Look through the entries below for the line with "九三阅兵中,受阅的预警探测方" and the line with "Mexen Andres évier", then give again exactly those two lines and all lines between them, minus the pictures.

[Opening Records section]

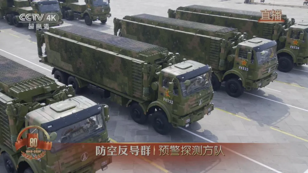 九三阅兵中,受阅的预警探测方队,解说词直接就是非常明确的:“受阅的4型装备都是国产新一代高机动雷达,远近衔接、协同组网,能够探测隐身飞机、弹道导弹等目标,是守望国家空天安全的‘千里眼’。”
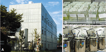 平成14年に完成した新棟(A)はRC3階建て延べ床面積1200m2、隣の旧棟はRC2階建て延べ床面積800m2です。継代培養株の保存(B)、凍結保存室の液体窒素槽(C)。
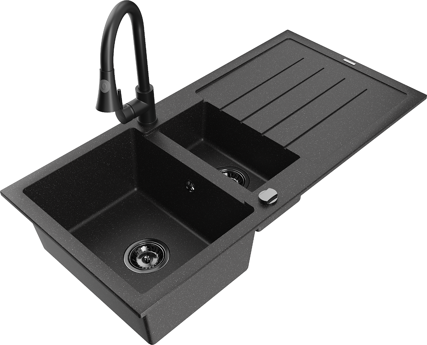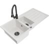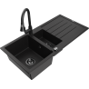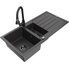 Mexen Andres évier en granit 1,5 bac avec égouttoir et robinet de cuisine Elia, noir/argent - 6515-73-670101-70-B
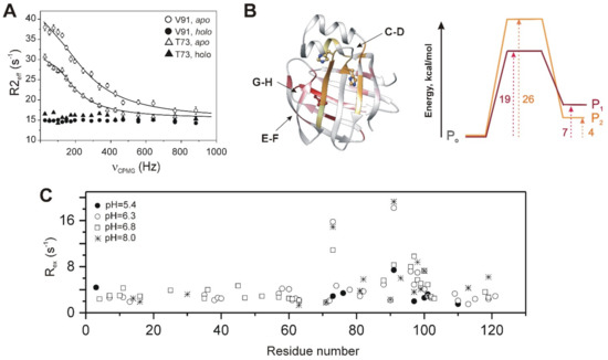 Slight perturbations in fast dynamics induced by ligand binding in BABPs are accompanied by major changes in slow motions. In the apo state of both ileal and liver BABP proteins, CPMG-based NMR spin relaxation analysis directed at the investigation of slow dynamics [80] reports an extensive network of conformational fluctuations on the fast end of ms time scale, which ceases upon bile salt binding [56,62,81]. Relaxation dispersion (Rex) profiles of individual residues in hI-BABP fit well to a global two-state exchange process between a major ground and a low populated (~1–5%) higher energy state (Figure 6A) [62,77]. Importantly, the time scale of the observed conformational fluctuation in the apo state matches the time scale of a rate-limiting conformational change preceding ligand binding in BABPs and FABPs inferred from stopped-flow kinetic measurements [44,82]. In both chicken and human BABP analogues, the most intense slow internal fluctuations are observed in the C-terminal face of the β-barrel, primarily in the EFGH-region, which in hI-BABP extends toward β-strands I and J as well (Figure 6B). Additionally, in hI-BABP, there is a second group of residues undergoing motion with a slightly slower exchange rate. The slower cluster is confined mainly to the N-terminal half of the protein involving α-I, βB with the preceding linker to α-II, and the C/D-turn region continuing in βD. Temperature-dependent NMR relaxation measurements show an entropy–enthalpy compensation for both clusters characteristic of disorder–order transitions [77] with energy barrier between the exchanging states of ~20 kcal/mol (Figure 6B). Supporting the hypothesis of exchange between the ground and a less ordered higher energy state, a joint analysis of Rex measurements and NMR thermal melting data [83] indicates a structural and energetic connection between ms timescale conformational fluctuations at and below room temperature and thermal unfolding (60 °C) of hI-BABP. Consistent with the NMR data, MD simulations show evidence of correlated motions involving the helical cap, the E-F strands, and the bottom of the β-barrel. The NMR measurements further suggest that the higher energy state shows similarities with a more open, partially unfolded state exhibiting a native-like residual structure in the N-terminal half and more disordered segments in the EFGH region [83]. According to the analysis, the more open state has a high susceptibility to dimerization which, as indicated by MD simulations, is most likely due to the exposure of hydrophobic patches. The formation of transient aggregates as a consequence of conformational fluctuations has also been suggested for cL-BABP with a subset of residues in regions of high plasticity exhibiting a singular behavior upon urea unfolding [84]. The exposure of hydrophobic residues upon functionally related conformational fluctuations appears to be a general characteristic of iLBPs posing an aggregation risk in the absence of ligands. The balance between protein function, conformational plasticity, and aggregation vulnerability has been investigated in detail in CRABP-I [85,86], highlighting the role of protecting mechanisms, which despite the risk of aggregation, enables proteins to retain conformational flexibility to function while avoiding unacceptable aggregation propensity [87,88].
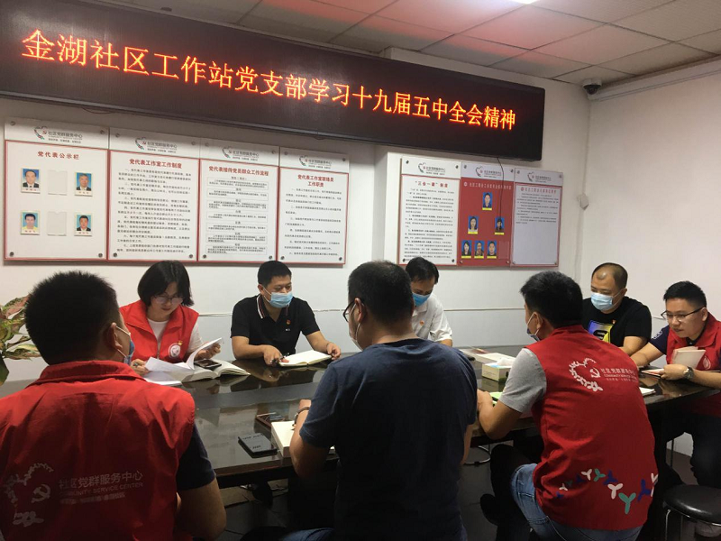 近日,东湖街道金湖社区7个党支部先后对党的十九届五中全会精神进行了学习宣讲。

[Closing Records section]
[Opening Records section]

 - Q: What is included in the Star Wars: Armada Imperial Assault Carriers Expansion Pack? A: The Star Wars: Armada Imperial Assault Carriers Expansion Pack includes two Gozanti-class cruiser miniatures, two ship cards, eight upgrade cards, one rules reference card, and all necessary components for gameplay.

[Closing Records section]

• **Your solution**
 九三阅兵中,受阅的预警探测方队,解说词直接就是非常明确的:“受阅的4型装备都是国产新一代高机动雷达,远近衔接、协同组网,能够探测隐身飞机、弹道导弹等目标,是守望国家空天安全的‘千里眼’。”
 平成14年に完成した新棟(A)はRC3階建て延べ床面積1200m2、隣の旧棟はRC2階建て延べ床面積800m2です。継代培養株の保存(B)、凍結保存室の液体窒素槽(C)。
 Mexen Andres évier en granit 1,5 bac avec égouttoir et robinet de cuisine Elia, noir/argent - 6515-73-670101-70-B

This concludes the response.